Old MacDonald Had a Farm
|"Old MacDonald Had a Farm"|
"Old MacDonald Had a Farm" is a children's song and nursery rhyme about a farmer named MacDonald (or McDonald, Macdonald) and the various animals he keeps on his farm. Each verse of the song changes the name of the animal and its respective noise. In many versions, the song is cumulative, with the noises from all the earlier verses added to each subsequent verse. It has a Roud Folk Song Index number of 745.

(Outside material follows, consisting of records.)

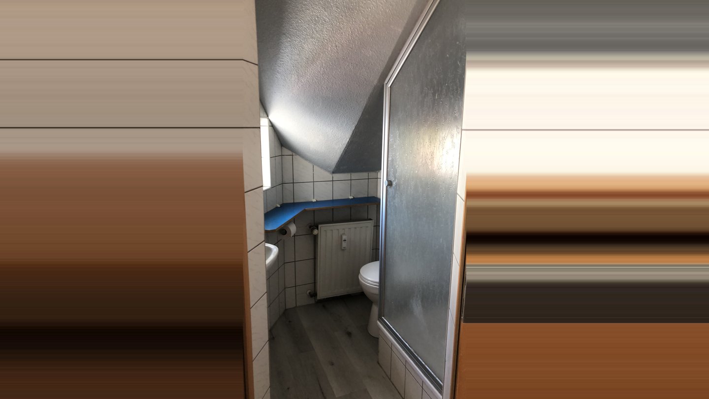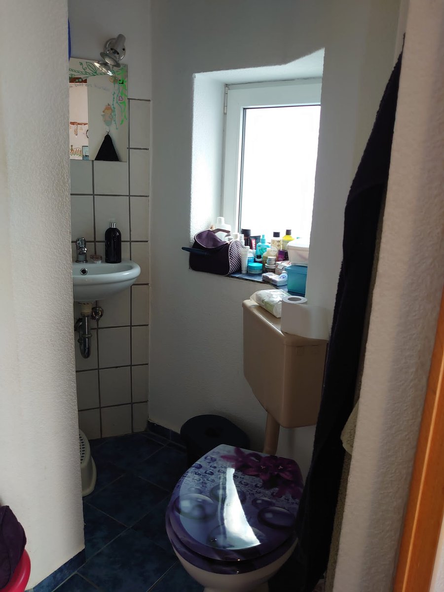 Im mittleren Geschoss befindet sich ein Bad mit Badewanne, WC und Waschbecken, im oberen Geschoss ein weiteres Bad mit Dusche, WC und Waschbecken. Die zusätzliche Badstruktur erhöht den Wohnkomfort erheblich und wirkt sich positiv auf die Vermietbarkeit aus, insbesondere bei Familien oder mehreren Bewohnern.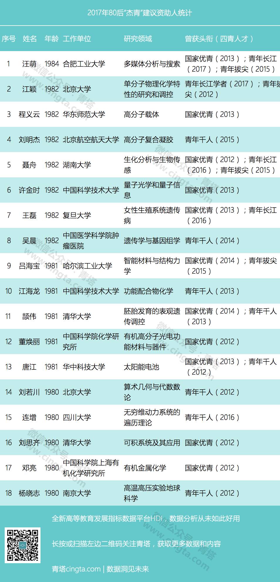 与往年不同的是,今年“国家杰青”年轻化成为新的亮点。根据青塔的统计,2017年国家杰青建议资助申请人平均年龄为42岁,相比前几年小了不少。更加值得关注的是,今年更是有18位“80后”入选国家杰青,这一数据比过去几年要多很多。其中合肥工业大学教授汪萌出生于1984年,目前只有33岁,汪萌教授若通过今年的最终评审,将成为目前最年轻的国家杰青入选者。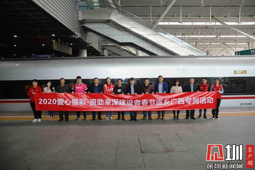 見圳客戶端·深圳新聞網(wǎng)2020年1月18日訊(見圳客戶端、深圳新聞網(wǎng)記者 楊浩翰)1月18日,“2020愛心福彩-資助來深建設(shè)者春節(jié)返鄉(xiāng)廣西專列”在深圳北站發(fā)車。今年是該活動舉辦的第二屆,2300多名在深建設(shè)者通過乘坐該專列返鄉(xiāng)。
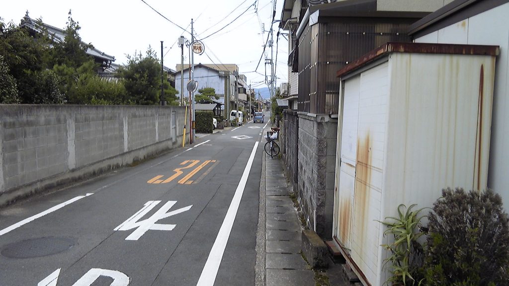 信号を左折し、交通量の多い大通りを進む。倉庫やガソリンスタンド、警察もある。いくつめかの信号のところに歩道橋があり、一宮寺へはここを右折せよと書いてある。時刻はもう4時半を過ぎたが、あと500mくらいのはずで、何とか間に合いそうだ。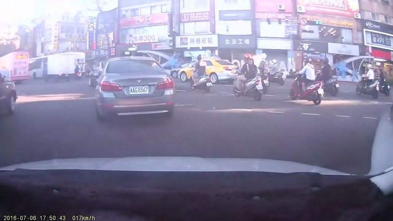 On July 6, 2016 in the city of Taipei in Taiwan, a guide seems like playing bowling on the way. The accident occurred at an intersection, when a woman 59 years confused the brake with the accelerator and lured many scooters in its wake. There were seven wounded, but fortunately not seriously.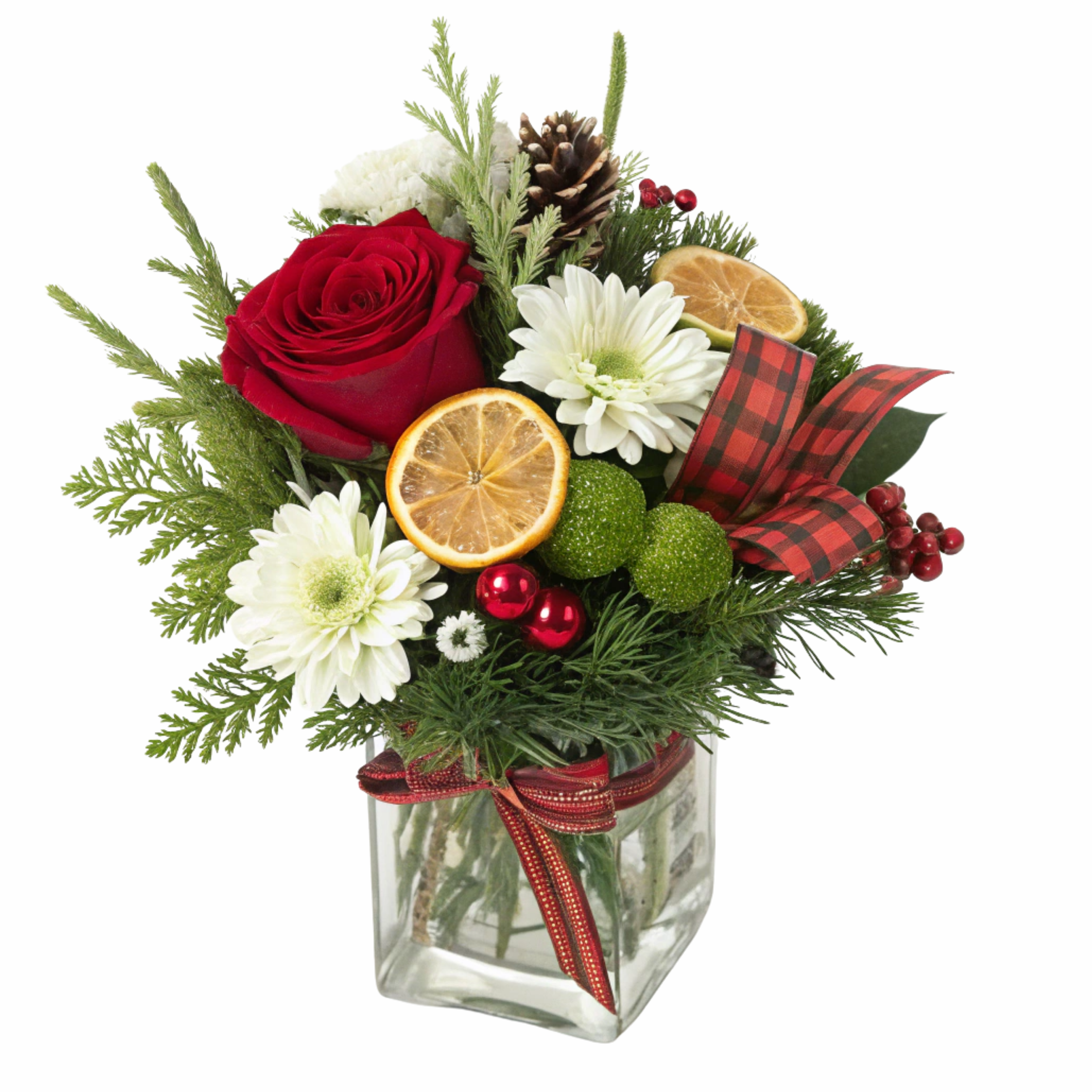 Get into the holiday spirit with Cozy Christmas, a playful mug arrangement packed with festive cheer. Bright blooms, cheerful accents, and a hint of dried orange make this handcrafted design the perfect gift—or a merry treat for your own home. Each piece is unique, with colors that may vary.

In the 1917 book Tommy's Tunes, a collection of World War I era songs by F. T. Nettleingham, the song "Ohio (Old Macdougal Had a Farm)" has quite similar lyrics—though with a slightly different farmer's name and refrain:
- Old Macdougal had a farm in Ohio-i-o,
- And on that farm he had some dogs in Ohio-i-o,
- With a bow-wow here, and a bow-wow there,
- Here a bow, there a wow, everywhere a bow-wow.
The Traditional Ballad Index consider the "Tommy's Tunes" version to be the earliest known version of "Old Macdonald Had a Farm", though it cites numerous variants, some of them much older.
Two of these variants were published in Vance Randolph's Ozark Folksongs in 1980. One was "Old Missouri", sung by a Mr. H. F. Walker of Missouri in 1922, a version that names different parts of the mule rather than different animals:
- Old Missouri had a mule, he-hi-he-hi-ho,
- And on this mule there were two ears, he-hi-he-hi-ho.
- With a flip-flop here and a flip-flop there,
- And here a flop and there a flop and everywhere a flip-flop
- Old Missouri had a mule, he-hi-he-hi-ho.
A British version of the song, called "The Farmyard, or The Merry Green Fields," was collected in 1908 from a 74-year-old Mrs. Goodey at Marylebone Workhouse, London, and published in Cecil Sharp's Collection of English Folk Songs.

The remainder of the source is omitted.